SortPerf.jl: Module to test the performance of sorting algorithms

The purpose of this module is to test the performance of the different sort (and related) algorithms in Julia. See https://github.com/kmsquire/SortPerf.jl/raw/master/sortperf.pdf for an example output from Version 0.3.0-prerelease+125.

Run with:

std_sort_tests(;sort_algs=SortPerf.sort_algs,   # [InsertionSort, HeapSort, MergeSort, 
                                                #     QuickSort, RadixSort, TimSort]
                types=SortPerf.std_types,       # [Int32, Int64, Int128, Float32, Float64, String]
                range=6:20,                     # Array size 2^6 through 2^20, by powers of 2
                replicates=3,                   #
                lt::Function=isless,            # \
                by::Function=identity,          #  | sort(...) options
                rev::Bool=false,                #  |
                order::Ordering=Forward,        # /
                save::Bool=false,               # create and save timing tsv and pdf plot
                prefix="sortperf")              # prefix for saved files

You can also test individual algorithms with

sortperf(Algorithm(s), data, [size,] [replicates=xxx])

Some examples:

sortperf(QuickSort, Int, 10_000)               # Test QuickSort on 10,000 random ints
sortperf(MergeSort, [Float32, String], 6:2:10) # Test MergeSort on 2^6, 2^8, and 2^10 float 32s and strings
sortperf([QuickSort, MergeSort, TimSort],      # Test QuickSort, MergeSort, and TimSort on 
         [Int, Float32, Float64, String],      # Arrays of Int, Float32, Float64, and String
         6:20;                                 # ranging from 2^6 elements to 2^20 elements, by 
         replicates=5)                         # powers of 2, and run each test 5 times

Ordering parameters accepted by sort!(...) will be passed through.

Sorting Tests

The actual tests run include sorting arrays with the following characteristics:

  • random
  • sorted
  • reversed
  • sorted, but with 3 random exchanges
  • sorted, with 10 random values appended
  • 4 unique values
  • all equal
  • quicksort median killer: first half descending, second half ascending

The tests were inspired by similar tests used by sortperf in Python. See http://svn.python.org/projects/python/trunk/Objects/listsort.txt for more details.

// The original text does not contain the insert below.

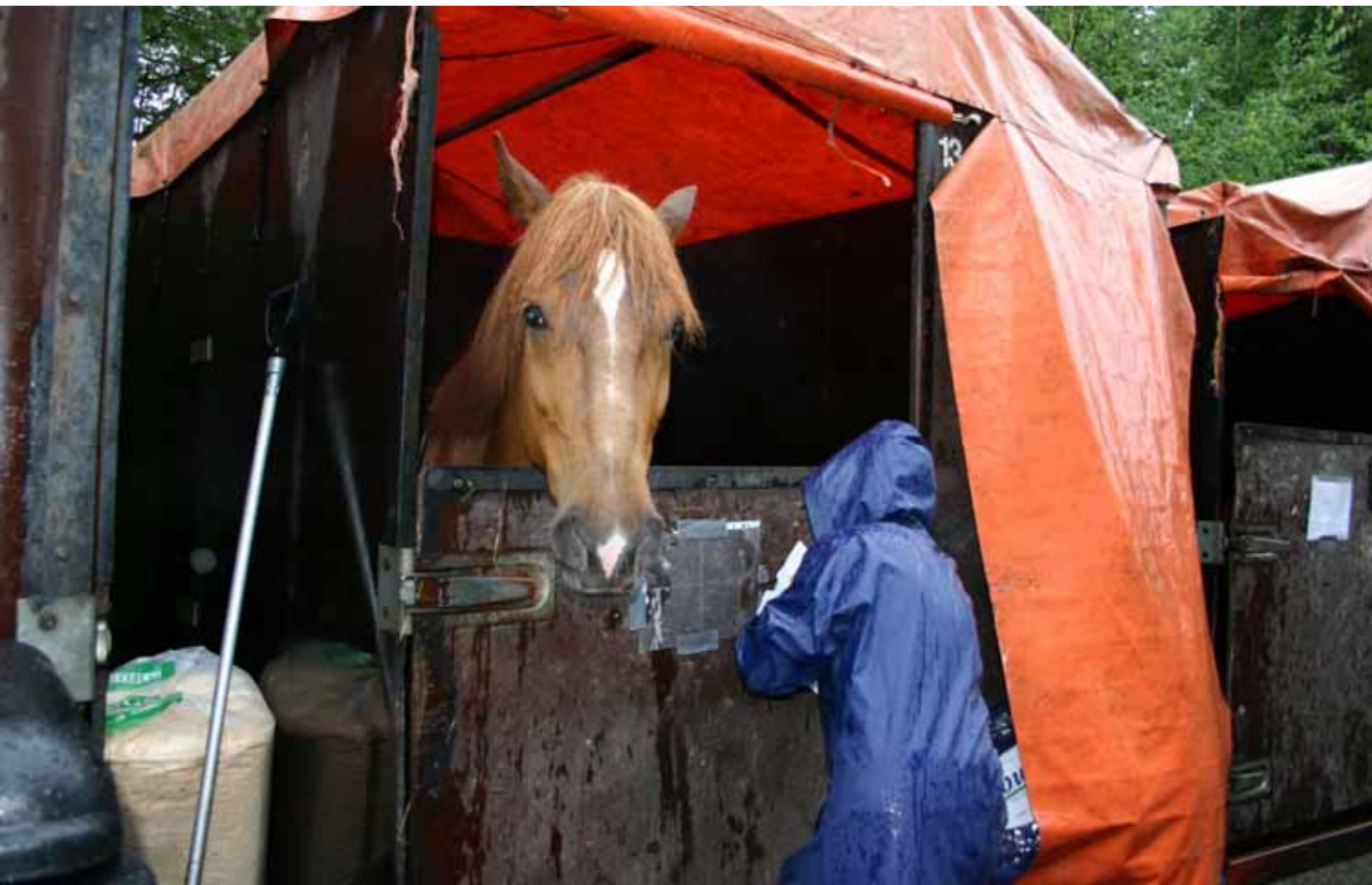
Alla: Kisahevosen arkipäivää kesällä 2008: Kihin Rinssi Jaba-karsinassa sateisessa Muuramessa

Suggestions based on basic tests

Here is a table and some notes on the Julia implementations of the various algorithms. The table indicates the recommended sort algorithm for the given size (small < ~2^12 (=8,192) items < large) and type (string, floating point, or integer) of data.

  • Random means that the data is permuted randomly.
  • Structured here means that the data contains partially sorted runs (such as when adding random data to an already sorted array).
  • Few unique indicates that the data only contains a few unique values.
(Un)stable (small) Stable (small) (Un)stable (large) Stable (large) In-place (large)
Strings
- Random M M M M Q
- Structured M M T T Q
- Few Unique Q M Q M Q
Float64
- Random Q M R R Q
- Structured M M T T Q
- Few Unique Q M Q R Q
Int64
- Random Q M R R Q
- Structured Q M uT R/T Q
- Few Unique Q M R R Q

Key:

Symbol Algorithm
H HeapSort
I InsertionSort
M MergeSort
Q QuickSort
T TimSort
uT TimSortUnstable
R RadixSort

Current Recommendations

  • Except for pathological cases, small arrays are sorted best with QuickSort (unstable) or `MergeSort`` (stable)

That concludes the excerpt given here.